The Coulomb potential is determined up to a constant. By requiring that Φ vanishes for infinite R the constant becomes zero.

The Coulomb potential at the point R due to N charges at r_k is

${\displaystyle \Phi (\mathbf {R} )=\sum _{k=1}^{N}{\frac {q_{k}}{4\pi \epsilon _{0}\epsilon _{r}|\mathbf {R} -\mathbf {r} _{k}|}}.}$

For a continuous charge distribution ρ(r) this expression generalizes to

${\displaystyle \Phi (\mathbf {R} )=\iiint {\frac {\rho (\mathbf {r} )}{4\pi \epsilon _{0}\epsilon _{r}|\mathbf {R} -\mathbf {r} |}}d\mathbf {r} .\qquad \qquad \qquad (1)}$

This generalization follows easily if we first substitute the infinitesimal charge at position r,

${\displaystyle \Delta q(\mathbf {r} )=\rho (\mathbf {r} )d\mathbf {r} \equiv \rho (\mathbf {r} )dxdydz,}$

and then replace the sum by a volume integral.

Poisson equation

The Maxwell equations form the postulates of classical electrodynamics. It is of interest to see how the Coulomb potential fits in the postulatory framework devised by James Clerk Maxwell. The following two Maxwell equations are of relevance in the present case in which only static electric charges are considered and there is no magnetic field,

${\displaystyle {\boldsymbol {\nabla }}\cdot \mathbf {E} (\mathbf {R} )=\rho (\mathbf {R} )/\epsilon _{0}\quad {\hbox{and}}\quad {\boldsymbol {\nabla }}\times \mathbf {E} (\mathbf {R} )=\mathbf {0} .}$

Here we assumed ε_r = 1 (the vacuum case). The second Maxwell equation tells us that there exists a potential Φ with

${\displaystyle \mathbf {E} =-{\boldsymbol {\nabla }}\Phi ,}$

so that we obtain

${\displaystyle \nabla ^{2}\Phi (\mathbf {R} )=-\rho (\mathbf {R} )/\epsilon _{0},}$

with the Laplace operator ∇² ≡ ∇⋅∇ (the divergence of the gradient). This equation, which predates Maxwell's equations, was postulated by Siméon Denis Poisson.

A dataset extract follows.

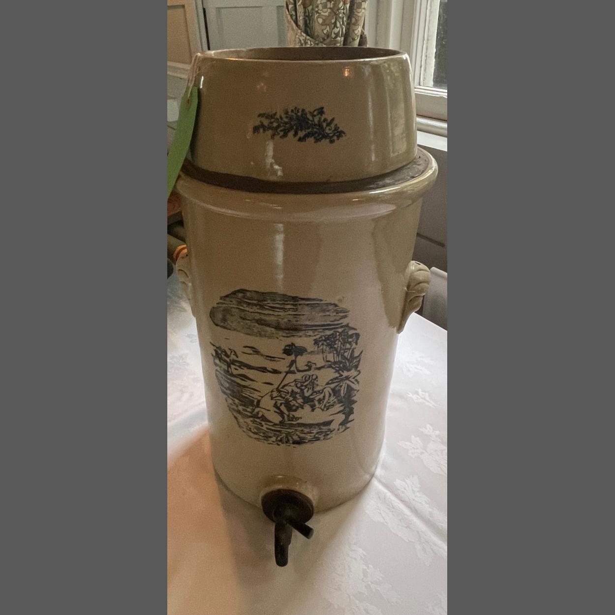 An ANTIQUE large glazed pottery container with tap - for pouring and storing beer - came from an old INN - with pirate scenes featured - stands 2ft tall approx
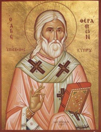 Μετά από πολλά χρόνια, έγινε επιδρομή των Αράβων στην Κύπρο, οι οποίοι κατέκαυσαν όλα τα Μοναστήρια και τις Εκκλησίες και έσφαξαν πολλούς κατοίκους του νησιού. Και τον Άγιο Θεράποντα τον συνέλαβαν στην Εκκλησιά και τον αποκεφάλισαν μπροστά στην αγία Τράπεζα την ώρα που λειτουργούσε. Ξαφνικά, μόλις έγινε αυτό, ουράνιες μελωδίες και ένα Άκτιστο Φώς κύκλωσε όλο τον χώρο της Αγίας Τράπεζας. Αυτό το θέαμα στους πιστούς τους έδωσε δύναμη, ενώ στους Άραβες προκάλεσε φόβο και τύψεις για αυτό που έκαναν. Το σώμα του Αγίου Θεράποντος του Ιερομάρτυρα κηδεύτηκε από τους πιστούς, όπου και χτίστηκε ο πρώτος Ναός του.

In order to show that the Coulomb potential, introduced in Eq. (1) above, satisfies the Poisson equation, we first recall the following result from distribution theory,

${\displaystyle \nabla ^{2}\left({\frac {1}{|\mathbf {R} -\mathbf {r} |}}\right)=-4\pi \delta (\mathbf {R} -\mathbf {r} ),}$

where the right hand side is the Dirac delta function. Now, the Laplace operator ∇² acting on the Coulomb potential of Eq. (1) (with ε_r = 1) gives

${\displaystyle \nabla ^{2}\Phi (\mathbf {R} )={\frac {1}{4\pi \epsilon _{0}}}\iiint \rho (\mathbf {r} )\nabla ^{2}{\Big (}{\frac {1}{|\mathbf {R} -\mathbf {r} |}}{\Big )}d\mathbf {r} =-{\frac {1}{\epsilon _{0}}}\iiint \rho (\mathbf {r} )\delta (\mathbf {R} -\mathbf {r} )d\mathbf {r} =-\rho (\mathbf {R} )/\epsilon _{0},}$

which proves that the Coulomb potential indeed satisfies the Poisson equation. Of course, any function F(R) satisfying the Laplace equation

${\displaystyle \nabla ^{2}F(\mathbf {R} )=0,}$

could have been added to Φ(R) and the result would still be a solution of the Poisson equation. However, physically the presence of F(R) would indicate the presence of charges outside the volume covered by the triple integral. We assume that there are no such charges and hence that F = 0. (This argument can be rephrased as a boundary condition on Φ, we will omit this.)

In summary, the following potential is a solution of the Maxwell equations in the absence of moving charges and a static magnetic field, i.e., of the Poisson equation,

${\displaystyle \Phi (\mathbf {R} )=\iiint {\frac {\rho (\mathbf {r} )}{4\pi \epsilon _{0}\epsilon _{r}|\mathbf {R} -\mathbf {r} |}}d\mathbf {r} .}$

If there is one point charge q₁ at position r₁, then ρ simplifies to the Dirac delta function,

${\displaystyle \rho (\mathbf {r} )=q_{1}\delta (\mathbf {r} -\mathbf {r} _{1}),}$

which yields for the special case of one point charge

${\displaystyle \Phi (\mathbf {R} )={\frac {q_{1}}{4\pi \epsilon _{0}\epsilon _{r}|\mathbf {R} -\mathbf {r} _{1}|}}.}$

From this potential we derive the electric field

${\displaystyle \mathbf {E} =-{\boldsymbol {\nabla }}{\Big (}{\frac {q_{1}}{4\pi \epsilon _{0}\epsilon _{r}|\mathbf {R} -\mathbf {r} _{1}|}}{\Big )}={\frac {q_{1}(\mathbf {R} -\mathbf {r} _{1})}{4\pi \epsilon _{0}\epsilon _{r}|\mathbf {R} -\mathbf {r} _{1}|^{3}}}.}$

The force exerted by this field on a charge q₂ at position r₂ has strength

${\displaystyle F\equiv {\sqrt {(q_{2}\mathbf {E} )\cdot (q_{2}\mathbf {E} )}}={\frac {q_{1}q_{2}}{4\pi \epsilon _{0}\epsilon _{r}|\mathbf {r} _{2}-\mathbf {r} _{1}|^{2}}}={\frac {q_{1}q_{2}}{4\pi \epsilon _{0}\epsilon _{r}\,r^{2}}}}$

which is Coulomb's law in its original formulation, if we remember that r ≡|r₂−r₁| is the distance between the two charged bodies. We went back in history from two of Maxwell's equations (1864) to the Poisson equation (ca. 1820) and then—for the special of point charges—to Coulomb's equation (1785).

Reference

J. D. Jackson, Classical Electrodynamics, 2nd edition, John Wiley, New York (1975).